BOTTOM LINE: Old brake fluid or low fluid levels can result in your brakes fading or damage to the hydraulic system. Plus, a leak in the brake system can cause a complete failure.5. Engine Oil

WHY: Without an adequate supply of clean oil, your engine will wear more rapidly and could even seize or be destroyed. Oil doesn’t freeze like water, but its viscosity, or thickness, does increase as the mercury drops. Lighter grade oils reduce the load on your car’s battery and starter, allowing more rapid cranking and starting.

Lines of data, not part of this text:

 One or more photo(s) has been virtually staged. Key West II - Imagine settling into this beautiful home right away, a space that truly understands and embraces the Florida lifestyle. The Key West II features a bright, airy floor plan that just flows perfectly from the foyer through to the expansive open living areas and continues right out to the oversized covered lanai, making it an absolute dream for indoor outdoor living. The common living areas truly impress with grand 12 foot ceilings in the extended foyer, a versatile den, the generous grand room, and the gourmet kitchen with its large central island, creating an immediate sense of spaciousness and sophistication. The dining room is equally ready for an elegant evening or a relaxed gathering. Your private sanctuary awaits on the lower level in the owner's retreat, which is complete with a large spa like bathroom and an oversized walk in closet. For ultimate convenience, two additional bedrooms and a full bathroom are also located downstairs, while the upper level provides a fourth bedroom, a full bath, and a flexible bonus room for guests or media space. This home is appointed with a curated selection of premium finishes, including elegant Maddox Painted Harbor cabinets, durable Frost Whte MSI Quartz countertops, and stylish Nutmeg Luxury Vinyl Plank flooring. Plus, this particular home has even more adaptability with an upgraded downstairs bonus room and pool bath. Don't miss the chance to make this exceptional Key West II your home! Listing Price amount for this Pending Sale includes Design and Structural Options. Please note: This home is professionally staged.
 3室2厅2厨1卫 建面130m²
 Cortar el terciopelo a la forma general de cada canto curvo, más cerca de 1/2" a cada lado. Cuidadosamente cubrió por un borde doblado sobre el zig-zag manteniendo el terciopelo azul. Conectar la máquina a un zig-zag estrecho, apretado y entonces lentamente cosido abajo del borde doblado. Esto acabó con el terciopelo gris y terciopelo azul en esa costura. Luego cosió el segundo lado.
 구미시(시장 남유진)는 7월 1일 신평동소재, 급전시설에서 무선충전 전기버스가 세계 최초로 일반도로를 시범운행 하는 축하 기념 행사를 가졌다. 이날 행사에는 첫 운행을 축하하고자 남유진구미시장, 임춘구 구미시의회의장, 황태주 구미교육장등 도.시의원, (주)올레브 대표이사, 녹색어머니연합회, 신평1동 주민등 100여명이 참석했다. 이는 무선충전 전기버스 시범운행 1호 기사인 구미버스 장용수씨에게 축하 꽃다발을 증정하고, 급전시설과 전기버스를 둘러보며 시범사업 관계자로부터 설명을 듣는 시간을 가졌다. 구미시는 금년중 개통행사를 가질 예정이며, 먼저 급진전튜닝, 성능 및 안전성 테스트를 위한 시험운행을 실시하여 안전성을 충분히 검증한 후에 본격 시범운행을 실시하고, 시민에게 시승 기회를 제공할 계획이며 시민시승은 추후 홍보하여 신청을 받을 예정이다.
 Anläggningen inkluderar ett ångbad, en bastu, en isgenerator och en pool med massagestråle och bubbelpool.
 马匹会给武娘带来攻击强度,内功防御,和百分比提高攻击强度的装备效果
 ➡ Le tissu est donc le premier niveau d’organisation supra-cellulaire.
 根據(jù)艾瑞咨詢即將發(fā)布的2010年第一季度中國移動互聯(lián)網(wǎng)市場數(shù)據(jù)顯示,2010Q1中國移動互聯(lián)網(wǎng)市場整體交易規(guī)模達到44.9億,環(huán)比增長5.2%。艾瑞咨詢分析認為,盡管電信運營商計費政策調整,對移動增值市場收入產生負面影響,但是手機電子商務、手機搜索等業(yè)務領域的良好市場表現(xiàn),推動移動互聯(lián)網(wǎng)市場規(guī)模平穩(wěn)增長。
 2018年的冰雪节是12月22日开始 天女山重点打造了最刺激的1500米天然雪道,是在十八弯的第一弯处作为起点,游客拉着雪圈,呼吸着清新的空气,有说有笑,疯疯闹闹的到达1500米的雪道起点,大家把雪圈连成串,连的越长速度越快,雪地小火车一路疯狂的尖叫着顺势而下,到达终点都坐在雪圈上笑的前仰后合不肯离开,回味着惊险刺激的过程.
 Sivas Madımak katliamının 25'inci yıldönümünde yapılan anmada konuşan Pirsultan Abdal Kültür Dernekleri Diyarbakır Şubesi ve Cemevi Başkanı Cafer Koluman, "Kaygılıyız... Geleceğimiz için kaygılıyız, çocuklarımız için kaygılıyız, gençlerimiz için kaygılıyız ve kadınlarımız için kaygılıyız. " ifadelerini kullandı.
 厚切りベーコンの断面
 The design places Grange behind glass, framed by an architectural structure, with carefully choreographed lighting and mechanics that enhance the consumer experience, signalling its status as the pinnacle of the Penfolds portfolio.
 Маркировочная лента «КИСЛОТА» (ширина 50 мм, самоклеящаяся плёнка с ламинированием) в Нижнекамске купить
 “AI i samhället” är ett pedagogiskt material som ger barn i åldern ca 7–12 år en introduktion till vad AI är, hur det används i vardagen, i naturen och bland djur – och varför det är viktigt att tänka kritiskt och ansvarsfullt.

Lighter oils also reach critical engine lubrication areas much quicker than heavier oils, greatly reducing wear.

WHEN: Change your engine’s oil and oil filter at the specified intervals, and follow the more frequent “severe service” recommendations if your driving habits meet any of the conditions described in your owner’s manual. Always use the weight of oil recommended by your vehicle’s manufacturer for the existing temperature conditions. Watch for oil leaks beneath your vehicle and have any leaks corrected immediately.

BOTTOM LINE: Oil is the lifeblood of your engine. Not maintaining the proper levels, using the wrong oil or not changing it frequently enough can destroy your engine. Plus, oil that leaks on to a heated surface can cause excessive smoke and cause damage to oil saturated components.